Create a NLP model to analyze book descriptions and recommend the user books based on their search.

Product Canvas

Proposal

  • What problem does your app solve?

The search function on Goodreads is terrible. We want to make it better.

  • Be as specific as possible; how does your app solve the problem?

    We’re going to use natural language processing to allow users to type a review of a book they’d like to read, then return the most similar results.

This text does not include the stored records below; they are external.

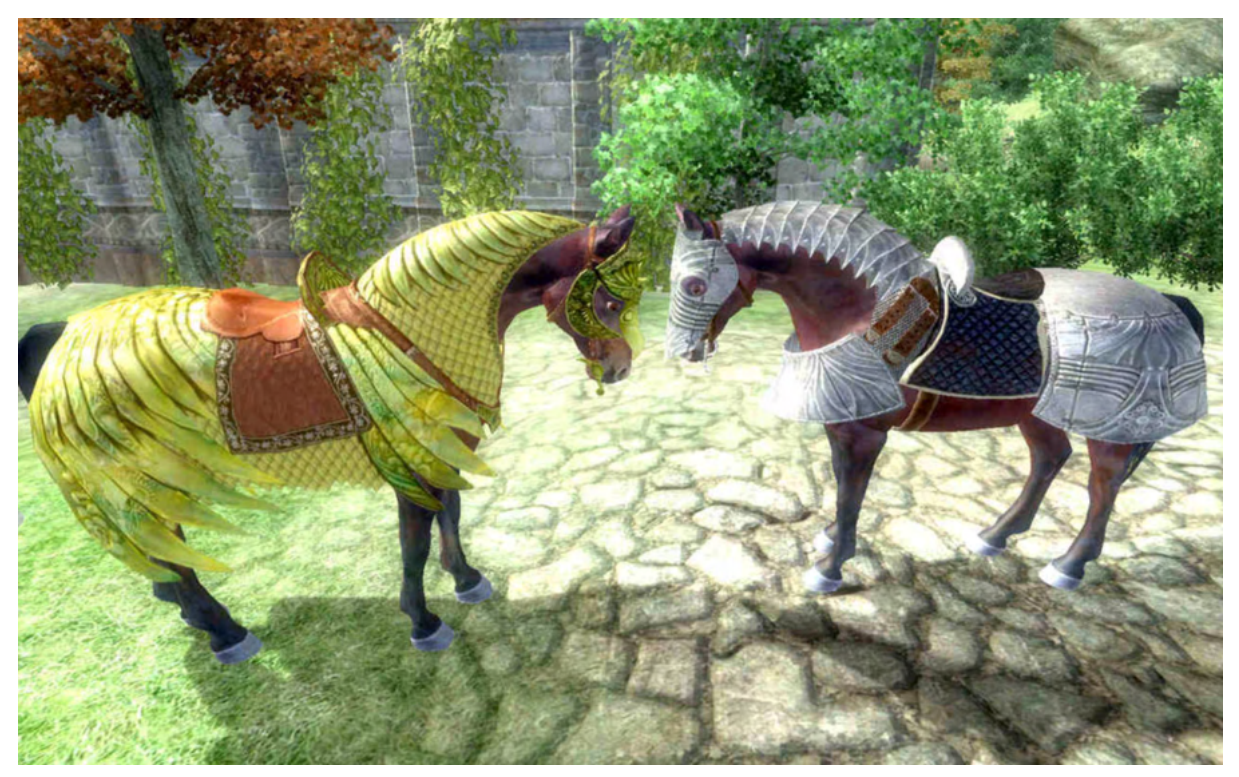
Fig 1. The Elder Scrolls IV: Oblivion, In-game screenshot, (2006)

In a fantasy land with races of all kinds, magic, mystical creatures and any fantasy weapon the mind wildly imagines what the first micro-transaction for a game of this could be and in turn, will be equally disappointed to see the reality of what it was. That reality was horse armour, this is the first-ever paid micro-transaction. It adds no benefit to the game, it doesn't add damage protection, and it is only an in-game cosmetic. Which is not unlike the micro-transactions of today. Visually it is striking with its over-the-top design and has an initial gold colour with unlockable variants in the game. The Horse Armour cost €2.50 when it was initially released in 2006 and would be packaged in with further versions of the game following the release. It was not greeted with acceptance but anger and controversy. There are multiple reasons for the controversial reception of the Horse armour. For one it offered no benefit in-game despite costing roughly 10% of an expansion, meaning for every 10 sets of horse armour sold, it equals the price of one of Oblivion's expansion packs which greatly expanded games and offered hours of playability. So was it purely due to a value for money or is there something else?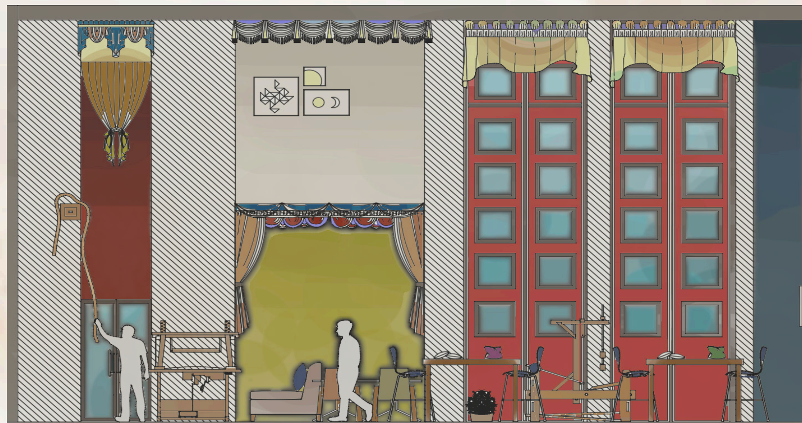
B:B Ground Floor: Workshop space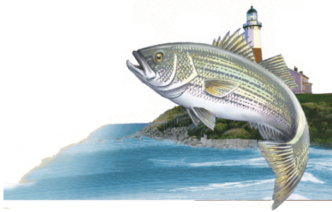
Striped Bass (state saltwater fish – 2006)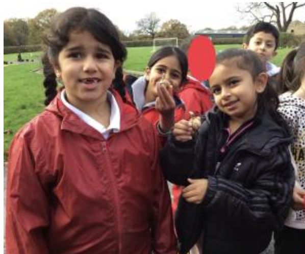
1 - Planting bulbs

Year 2 have been having a great time in Forest School this term. This week it was dry enough for a campfire after digging and planting bulbs!

  • What is the mission statement? Make it easier to find better reads Features

  • What features are required for your minimum viable product?

    • Database of top 10,000 (30,000; 50,000) books on Goodreads
    • Robust management of stored data across relevant tables (UPC, product reviews, etc.)
    • Natural language processing/sentiment analysis/LDA on gathered reviews
    • Front-end/back-end web features
  • What features may you wish to put in a future release?

    • Filtering by genre, release date, country of origin, language, popularity, highest rating, number of ratings, length.
    • Larger database
  • What do the top 3 similar apps do for their users?

    • Goodreads has a (poor) search functionality
    • Amazon has recommendations based on recent purchase history
    • Audible also has recommendations

Frameworks - Libraries

  • What 3rd party frameworks/libraries are you considering using?

    • Express, Node, React, pandas, numpy, scikit-learn, spacy, Keras, Goodreads API (possibly), BeautifulSoup, Google Books API (possibly) , OpenLibrary API
  • Do APIs require you to contact its maintainer to gain access?

  • Are you required to pay to use the API?

    • No
  • Have you considered using Apple Frameworks? (MapKit, Healthkit, ARKit?) For Data Scientists

  • Describe the Established data source with at least rough data able to be provided on day 1.

  • Use Goodreads/Google Books API along with scraped data

  • You can gather information about the data set you’ll be working with from the project description. Be sure to collaborate with your PM, and your Backend Architect to chat about the resources you have.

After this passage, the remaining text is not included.